■ Task: Your job is to print, exactly, the lines in the data below from the line with "Dive into the" through the line with "ÁO SƠ MI TRẮNG", both included, and to omit any picture.

----

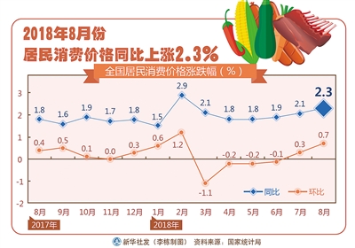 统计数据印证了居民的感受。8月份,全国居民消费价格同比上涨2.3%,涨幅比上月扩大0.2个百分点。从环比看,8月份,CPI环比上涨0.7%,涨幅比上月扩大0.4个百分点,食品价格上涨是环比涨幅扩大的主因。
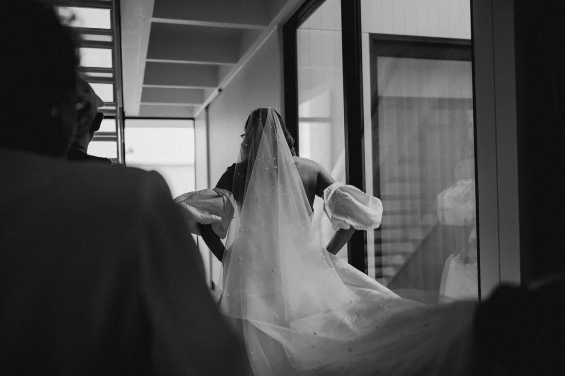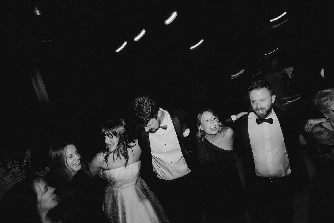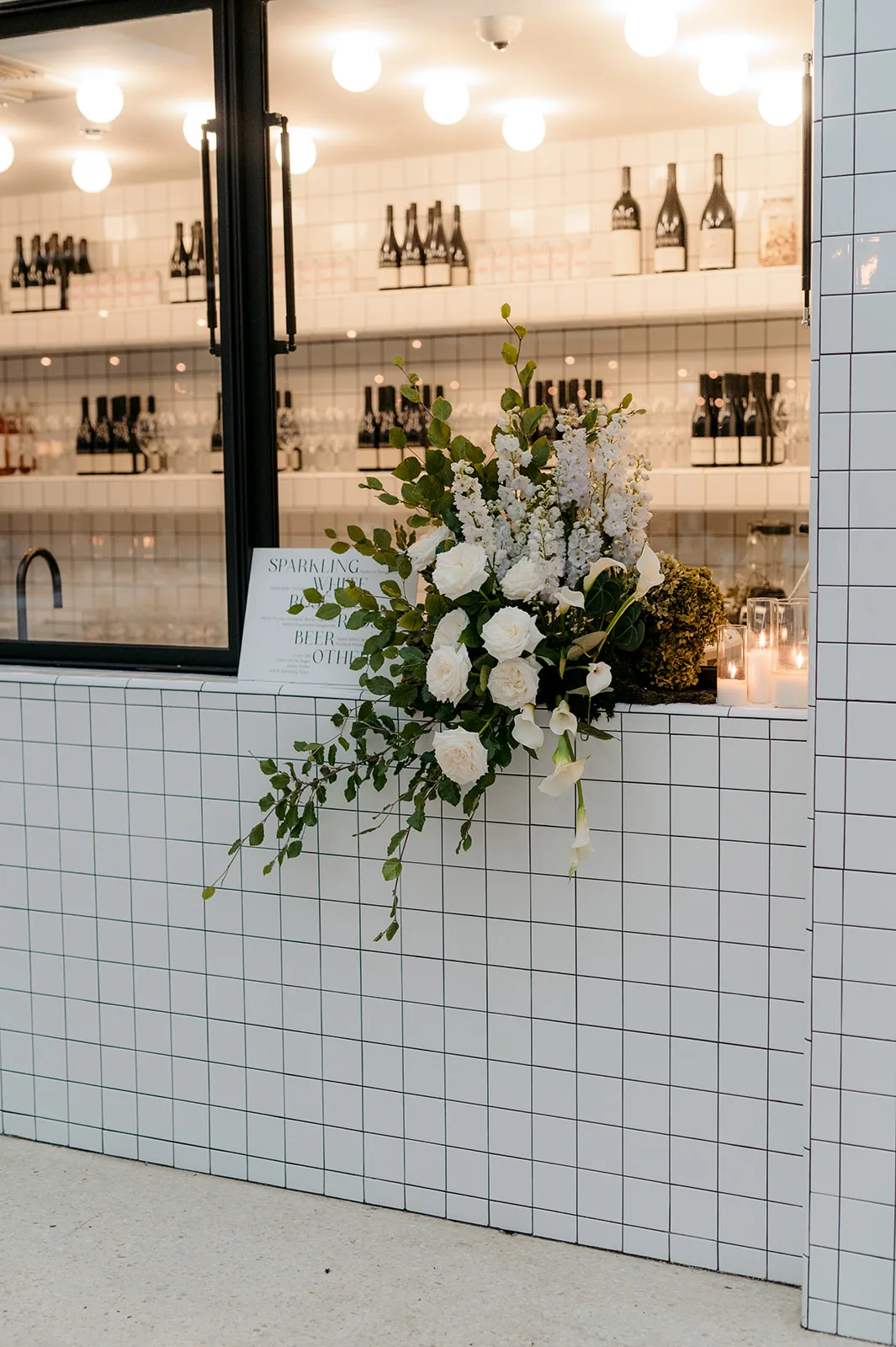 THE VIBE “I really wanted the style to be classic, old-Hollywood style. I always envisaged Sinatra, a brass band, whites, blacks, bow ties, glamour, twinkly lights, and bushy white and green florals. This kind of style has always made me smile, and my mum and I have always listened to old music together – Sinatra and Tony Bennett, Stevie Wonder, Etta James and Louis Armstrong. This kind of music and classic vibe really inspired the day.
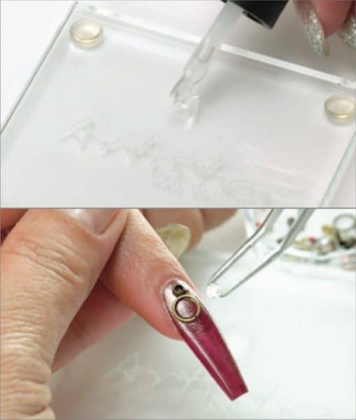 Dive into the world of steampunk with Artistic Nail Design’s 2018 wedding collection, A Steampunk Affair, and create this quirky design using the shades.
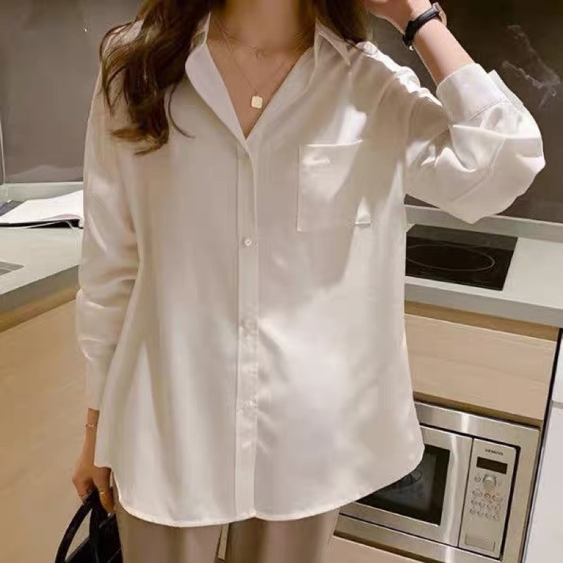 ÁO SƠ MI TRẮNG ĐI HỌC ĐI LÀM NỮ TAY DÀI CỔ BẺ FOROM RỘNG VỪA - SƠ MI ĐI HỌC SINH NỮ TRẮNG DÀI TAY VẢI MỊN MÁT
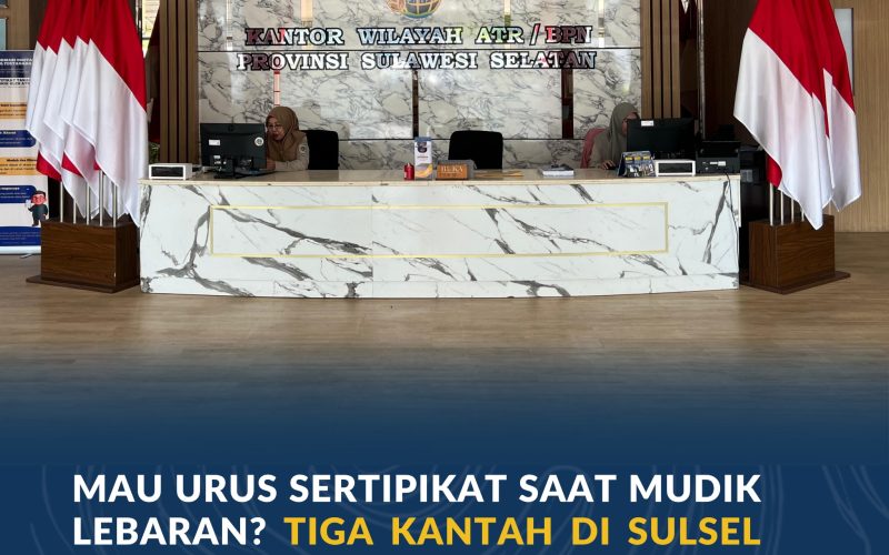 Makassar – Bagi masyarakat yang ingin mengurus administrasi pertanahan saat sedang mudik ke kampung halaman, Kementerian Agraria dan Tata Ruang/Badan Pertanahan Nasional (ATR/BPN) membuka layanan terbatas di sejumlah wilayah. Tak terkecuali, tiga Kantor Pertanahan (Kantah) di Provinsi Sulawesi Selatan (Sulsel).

----

■ Output of the exercise:
 Dive into the world of steampunk with Artistic Nail Design’s 2018 wedding collection, A Steampunk Affair, and create this quirky design using the shades.
 ÁO SƠ MI TRẮNG ĐI HỌC ĐI LÀM NỮ TAY DÀI CỔ BẺ FOROM RỘNG VỪA - SƠ MI ĐI HỌC SINH NỮ TRẮNG DÀI TAY VẢI MỊN MÁT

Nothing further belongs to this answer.